How to Avoid being Deemed a Wide Load

Avoid wide load designation when possible – only the largest construction machines must be hauled as such. Some examples of machines that DO need wide load designation include dozers, cranes, off road dump trucks, and scrapers. Many others can be altered to fit into standard regulations by:

● Removing bulldozer attachments and wheel loaders, shipping them separately. This is more cost effective than needing to classify as a wide load.

● If your equipment is Over Height:

o Remove or retract boom or bucket. Two load trips can be made, and in many cases are more cost efficient. Keep in mind the distance and time it will take to remove and reinstall it later, weighing cost versus possible savings.

● If your equipment is Overweight:

o Remove attachments from the body of the machine and ship separately. Any weight over 40,000 lbs should take precautionary measures and keep weight limit in mind. If you have any questions, go directly to the manufacturer or consult your owner’s manual.

● If your equipment is Over Width:

o As the name calls, an over width issue is often difficult to modify. Since most over width gear runs on tracks, you can determine if it is worth removing them. Keep in mind it is often not worth removing the tracks.

● If your equipment is Overlength:

o Check if something can be removed and hauled separately in order to fit into normal length standards and restrictions.

Removing parts from the base of a machine may not seem worth it due to the extra effort you must add to reassemble, but it can often save money. Wide loads easily cost from double to quadruple the base cost of moving a construction machine. This increases even more depending on necessity of permits or escorts.

Wide loads can also pose issues with route plans. Many roads and bridges do not allow oversized loads to cross, therefore adding many miles and extra time to transport.

Check the Details Over

Once everything is set and planned, check all of the details over again. Schedules should be made, and everyone involved should know the plan. This will save any confusion on the day of the move.

Remember to confirm the following with the hauler:

● Date, Time, and Location of the transport

● The specific equipment they are bringing

● Anything you need on hand to ensure the day moves smoothly

● Estimated time of arrival to the end location

Confirm the help you need with:

● Who is operating the equipment onto the discussed method of shipping

● Loading help at the initial transport starting point

● If anyone is transporting the removed or separate equipment

Things to confirm with the arrival location:

● Who will unload the machinery

● Location to unload equipment is cleared of obstruction, stable, and can be reached by trailer or tractor

● If a mechanic is needed to reassemble any previously disassembled machinery

Game Day

When the day comes, follow all parts of your plan exactly. All participants should be aware of specific times, locations, or phone numbers necessary. This will avoid confusion and make a smooth move.

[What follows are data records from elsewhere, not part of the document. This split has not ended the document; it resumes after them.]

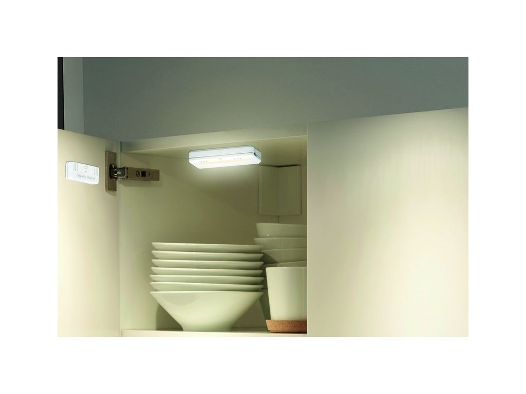 LED světélko určené pro automatické osvětlení zásuvek, komod nebo skříní se rozsvítí ihned po otevření a zhasne po jejich zavření díky magnetickému spínači. Nabízí světelný tok 40 lm, teplotu chromatičnosti 4000K (neutrální bílá) a je ideální pro praktické osvětlení drobných prostor bez přístupu k elektřině.
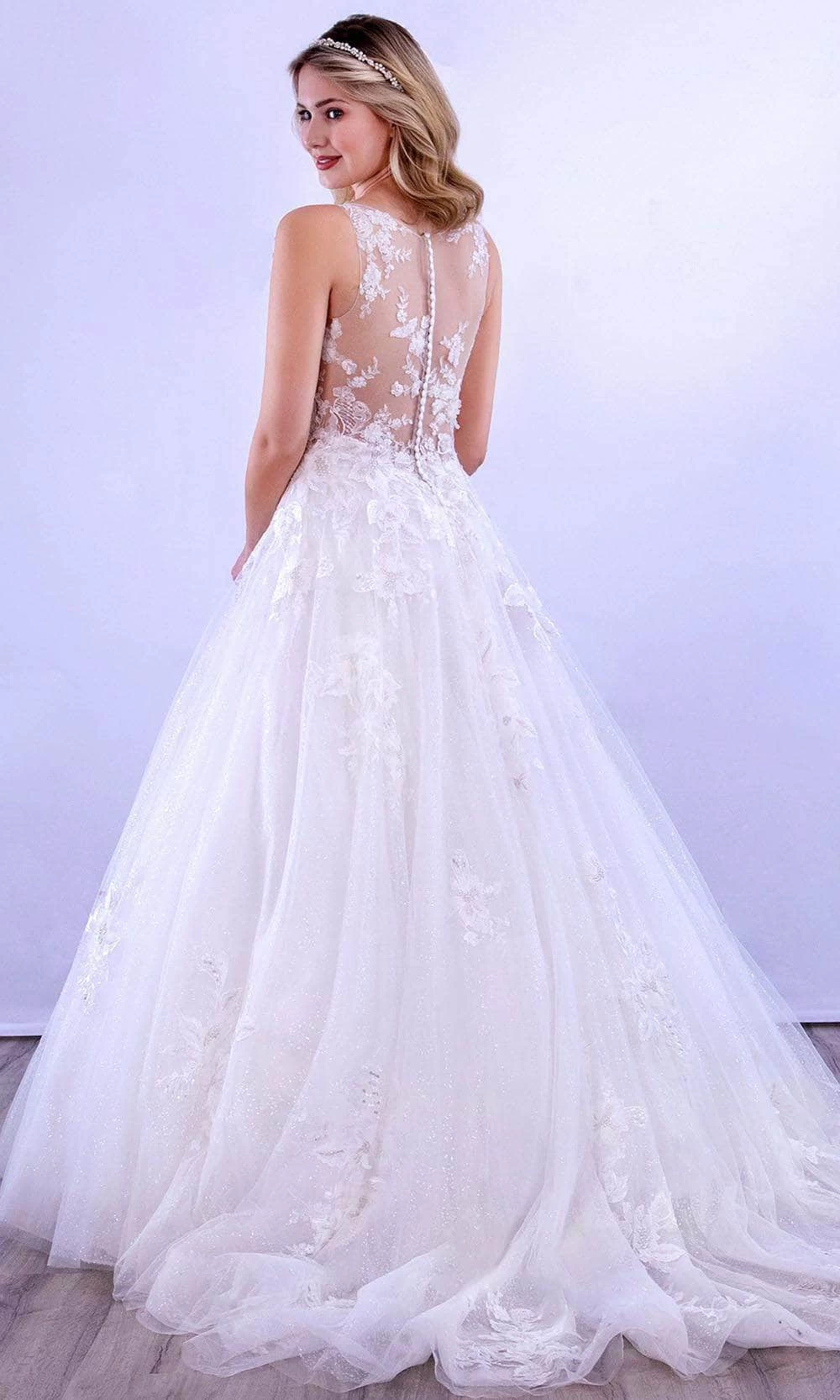 Walk in glamour and let all heads turn on you in this creation by MNM Couture. An enchanting fairy-style princess dress with a twist. Whatever event you have on your list, you will definitely find this perfect daring, sheer V-shaped bodice that has Lace appliquรฉ and beads artfully positioned to preserve modesty but the lingerie effect is clear. The skirt is a gorgeous swathe of shiny Tulle flecked with Lace appliquรฉ. Model is wearing Ivory/Nude
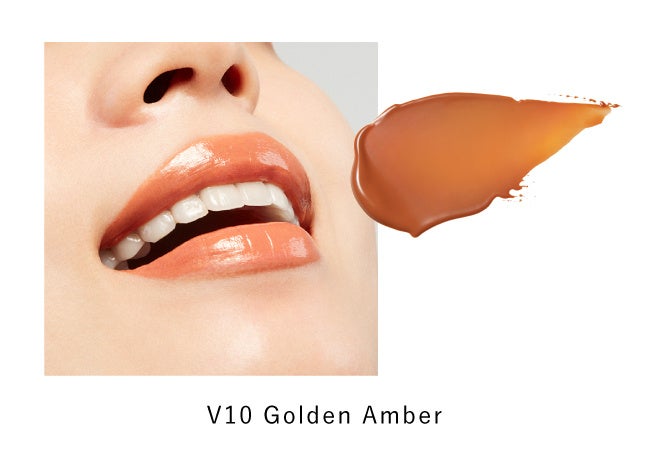 やわらかい赤みを帯びた光で唇を包み、表情までも輝かせるゴールデンアンバー
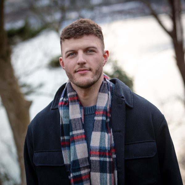 Fine lightweight merino wool scarf in a Navy Red Biscuit Check pattern
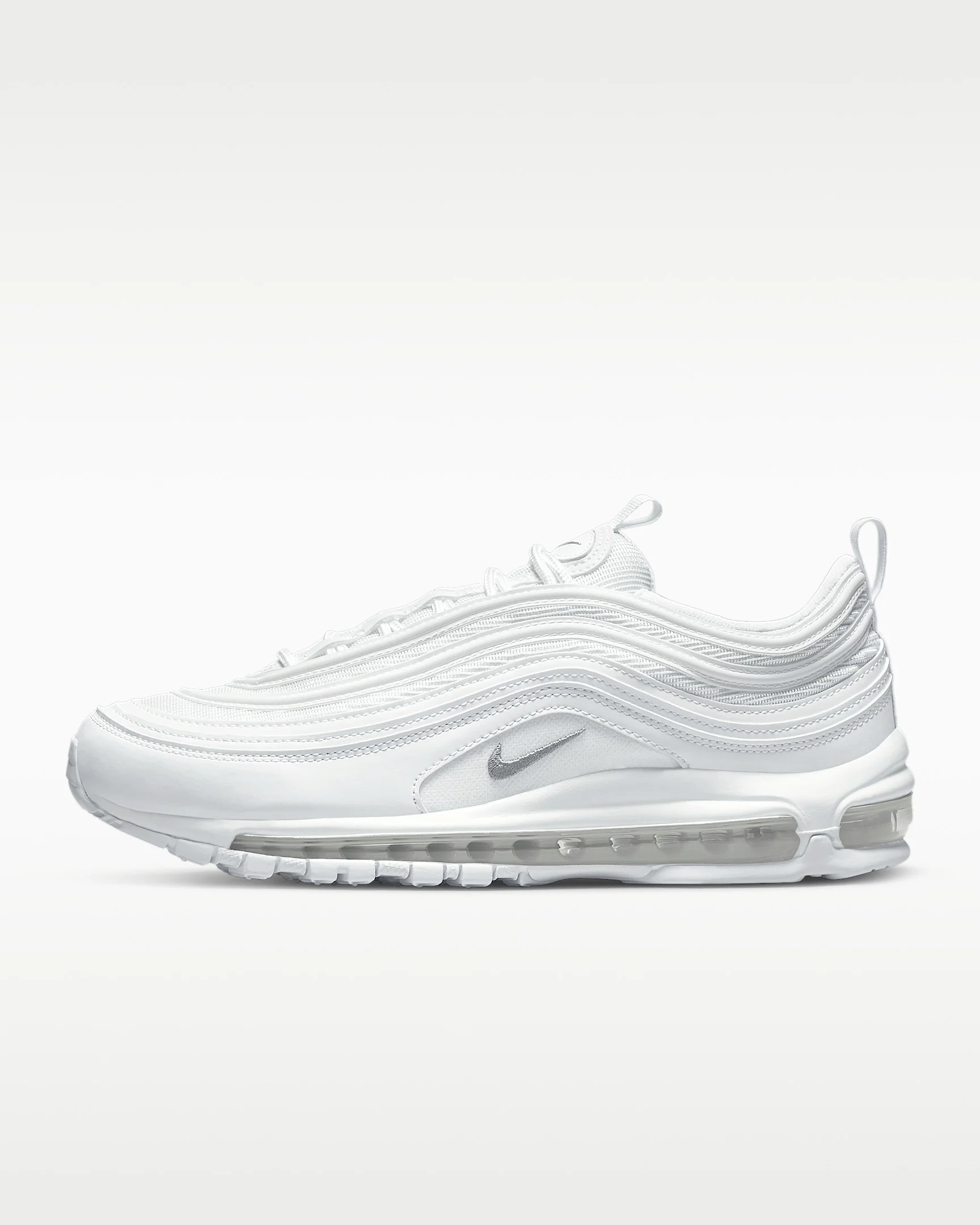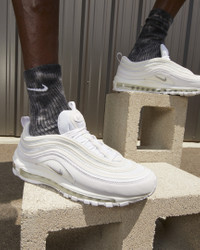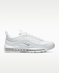 Featuring the original ripple design inspired by Japanese bullet trains, the Nike Air Max 97 lets you push your style full-speed ahead. Taking the revolutionary full-length Nike Air unit that shook up the running world and adding fresh colors and crisp details, it lets you ride in first-class comfort. Benefits - Mesh and synthetic materials on the upper keep the fluid look of the OG while adding comfort and durability. - Originally designed for performance running, the full-length Max Air unit adds soft, comfortable cushioning underfoot. - The foam midsole feels springy and cushy. - The rubber outsole adds traction and durability. Product Details - The foam sockliner feels soft and comfortable - Pull tab - Not intended for use as Personal Protective Equipment - Shown: White/Black/Wolf Grey - Style: 921826-101 SIZE & FIT Fits small; we recommend ordering a half size up
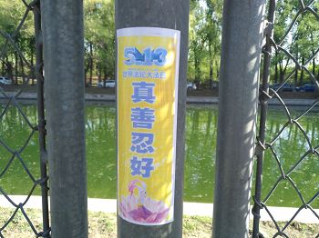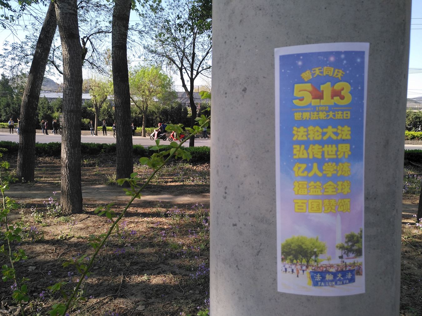 纪念“4.25”山东省日照市一县城再现真相展板、粘贴
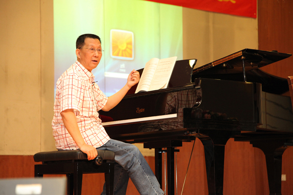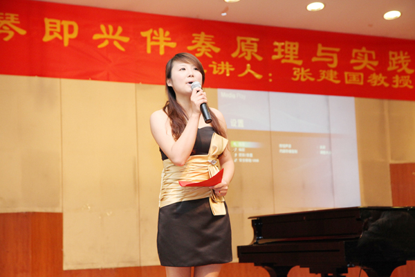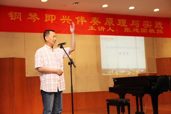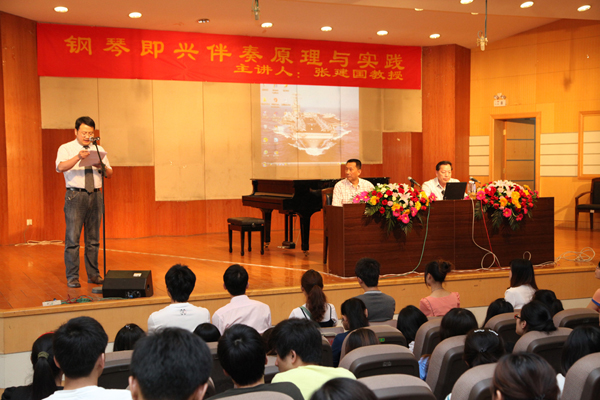 讲座分两场进行,首先由张建国教授做了题为《钢琴即兴伴奏原理与实践》的讲座,钢琴即兴伴奏,是一门理论性与实践性并重的综合性音乐课程,是高师音乐教育专业学生必备的一项专业基本功,张教授在讲授过程中,提出即兴伴奏设计中的“三步走”习程路径,即:选配和弦、设计织体和处理细节。要求弹奏者要必须从艺术的角度,通过各种实用而新颖的研究方法,从歌曲的分析、和声的应用、音型织体的采用、情绪的深化、钢琴的弹奏与演唱的和谐统一上进行探索,将钢琴演奏技术、和声配置、曲式分析、听觉辨析、复调和旋律创作、声乐演唱等方面的知识及技能进行综合运用。讲座中,张建国教授通过对几首为师生喜闻乐见的歌曲,如《长江之歌》、《亚洲雄风》、《小草》等歌曲编配,让我们对钢琴伴奏的和声、音型织体、表现力等方面进行了具体而生动的示范演奏。并与在场学生进行了解疑答惑互动,使同学们在钢琴即兴伴奏方面获益良多。
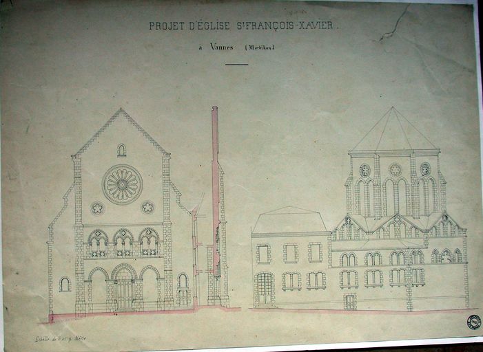 Projet d'église : élévation de la façade et du chevet par le révérend père Tournesac(n.d.). Fonds Saint-François-Xavier. AM Vannes.Immatriculation
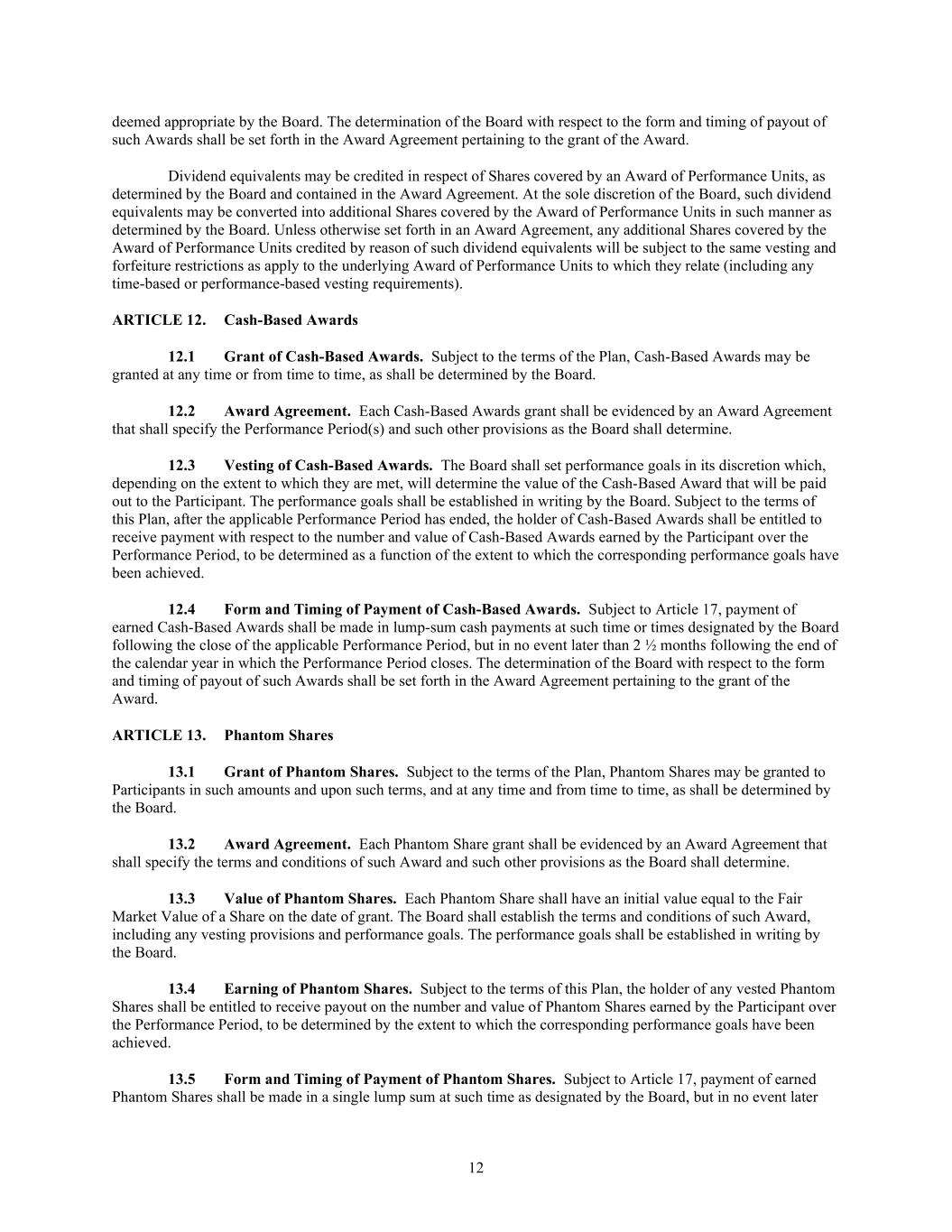 12 deemed appropriate by the Board. The determination of the Board with respect to the form and timing of payout of such Awards shall be set forth in the Award Agreement pertaining to the grant of the Award. Dividend equivalents may be credited in respect of Shares covered by an Award of Performance Units, as determined by the Board and contained in the Award Agreement. At the sole discretion of the Board, such dividend equivalents may be converted into additional Shares covered by the Award of Performance Units in such manner as determined by the Board. Unless otherwise set forth in an Award Agreement, any additional Shares covered by the Award of Performance Units credited by reason of such dividend equivalents will be subject to the same vesting and forfeiture restrictions as apply to the underlying Award of Performance Units to which they relate (including any time-based or performance-based vesting requirements). ARTICLE 12. Cash-Based Awards 12.1 Grant of Cash-Based Awards. Subject to the terms of the Plan, Cash-Based Awards may be granted at any time or from time to time, as shall be determined by the Board. 12.2 Award Agreement. Each Cash-Based Awards grant shall be evidenced by an Award Agreement that shall specify the Performance Period(s) and such other provisions as the Board shall determine. 12.3 Vesting of Cash-Based Awards. The Board shall set performance goals in its discretion which, depending on the extent to which they are met, will determine the value of the Cash-Based Award that will be paid out to the Participant. The performance goals shall be established in writing by the Board. Subject to the terms of this Plan, after the applicable Performance Period has ended, the holder of Cash-Based Awards shall be entitled to receive payment with respect to the number and value of Cash-Based Awards earned by the Participant over the Performance Period, to be determined as a function of the extent to which the corresponding performance goals have been achieved. 12.4 Form and Timing of Payment of Cash-Based Awards. Subject to Article 17, payment of earned Cash-Based Awards shall be made in lump-sum cash payments at such time or times designated by the Board following the close of the applicable Performance Period, but in no event later than 2 ½ months following the end of the calendar year in which the Performance Period closes. The determination of the Board with respect to the form and timing of payout of such Awards shall be set forth in the Award Agreement pertaining to the grant of the Award. ARTICLE 13. Phantom Shares 13.1 Grant of Phantom Shares. Subject to the terms of the Plan, Phantom Shares may be granted to Participants in such amounts and upon such terms, and at any time and from time to time, as shall be determined by the Board. 13.2 Award Agreement. Each Phantom Share grant shall be evidenced by an Award Agreement that shall specify the terms and conditions of such Award and such other provisions as the Board shall determine. 13.3 Value of Phantom Shares. Each Phantom Share shall have an initial value equal to the Fair Market Value of a Share on the date of grant. The Board shall establish the terms and conditions of such Award, including any vesting provisions and performance goals. The performance goals shall be established in writing by the Board. 13.4 Earning of Phantom Shares. Subject to the terms of this Plan, the holder of any vested Phantom Shares shall be entitled to receive payout on the number and value of Phantom Shares earned by the Participant over the Performance Period, to be determined by the extent to which the corresponding performance goals have been achieved. 13.5 Form and Timing of Payment of Phantom Shares. Subject to Article 17, payment of earned Phantom Shares shall be made in a single lump sum at such time as designated by the Board, but in no event later
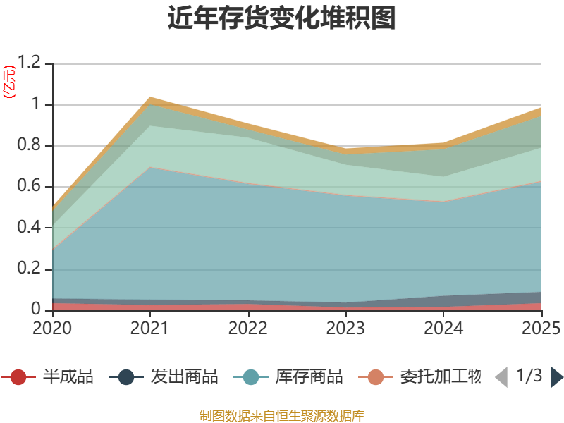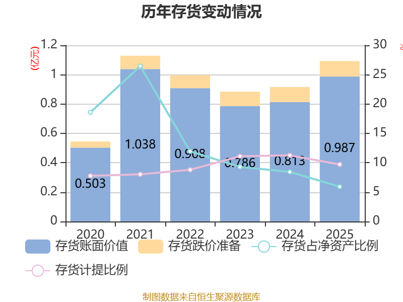 从存货变动来看,截至2025年末,公司存货账面价值为9866.57万元,占净资产的5.92%,较上年末增加1736.91万元。其中,存货跌价准备为1060.79万元,计提比例为9.71%。

Everyone involved should be aware of who to contact in terms of questions or concerns, and exactly how to contact them.

You should be sure to capture images of your machinery prior to departure when it is locked and loaded on the trailer. These pictures will be evidence of condition your machinery was in when it left your hands, as well as showing the proper secureness of it to the trailer.

When it has finally reached the destination, have someone inspect the equipment before the hauler in charge departs. Any condition issues should be immediately addressed with them, not put off.

With this checklist, your construction equipment can be transported smoothly, securely, and effectively.